Arthur Middleton on defence of the common faith

In wake of the heterodoxy hijacking the Anglican Communion, bishops in the southern hemisphere have been constantly censored for crossing diocesan and provincial boundaries to minister to orthodox Anglicans. Their actions to maintain the unity of the faith have been condemned in some quarters as a flagrant abuse of their episcopal office, and without precedence.

Yet in the primitive Church every church would give each other their mutual assistance, to oppose all errors and beat down heresy when it first appeared. Hence, they regarded the whole world as one common diocese and the episcopate as something universal, so that every bishop had his share in it.
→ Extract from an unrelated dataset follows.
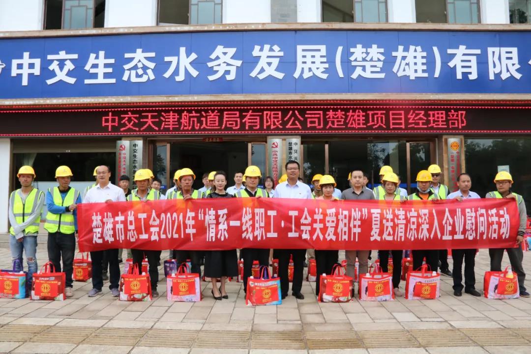 5月25日上午,市总工会开展2021年“情系一线职工・工会关爱相伴”夏送清凉慰问活动,为奋战在高温一线职工送去党委、政府和工会组织的关怀温暖。市人大常委会副主任,市总工会党组书记、主席马文辉带领市总工会班子成员来到宇泽半导体(云南)有限公司、中交生态水务发展(楚雄)有限公司、楚雄太阳女交通旅游集团、云南建景建设工程有限公司等企业慰问一线户外工作者,为他们送上防暑降温慰问品。

This meant that in things not applicable to the faith, bishops were not to cross diocesan boundaries to meddle in other men’s dioceses, but when the faith or welfare of the Church was at stake, the rule of being one episcopate meant that every other bishopric was as much their diocese as their own. No human laws or canons could prevent them from performing such actions of the episcopal office in any part of the world, if they thought it necessary for the preservation of the faith and the Church.

The practice of meeting in Councils and Synods, provincial, national and general was for the sharing of their common mind and advice for the whole Church. These actions to preserve the orthodoxy of the faith and the unity of the Church, which in other matters would have been considered a real breach of unity, was accepted as the only certain way to preserve the unity of that faith and order. Athanasius and Chrysostom did this.

So where a bishop was pursuing a policy of heresy by ordaining heretical men to establish heresy in his diocese and persecuting the orthodox, any orthodox bishop was not only authorized but obliged to take the opportunity to ordain orthodox men ‘to oppose the malignant designs of the enemy, and stop the growth of heresy, which might otherwise take deep root, and spread and overrun the Church.’

Today in the Canadian diocese of New Westminster there are priests under threat of deprivation from their parishes because they are orthodox, and will not submit to the modified theology and morality of their bishop. Orthodox priests in Connecticut are threatened with expulsion from their parishes if they will not conform to their church’s liberal agenda. Many others have been mercilessly persecuted.

While in this country it is claimed that there is no discrimination against those opposed to women priests, the hidden agenda of the appointments system ensures that such priests will not be preferred to high office commensurate with their gifts, to the diminishment of the church.

John Jewel, the great Elizabethan Bishop of Salisbury, claimed that for Anglicans, Scripture and the primitive Church are the criteria by means of which the authenticity of a church and the truth of its teaching are assessed. This means that in form and doctrine Anglicanism is agreeable with the Scriptures, with the most ancient general Councils, with the practice of the primitive Church, and with the judgements of all the old and learned Fathers.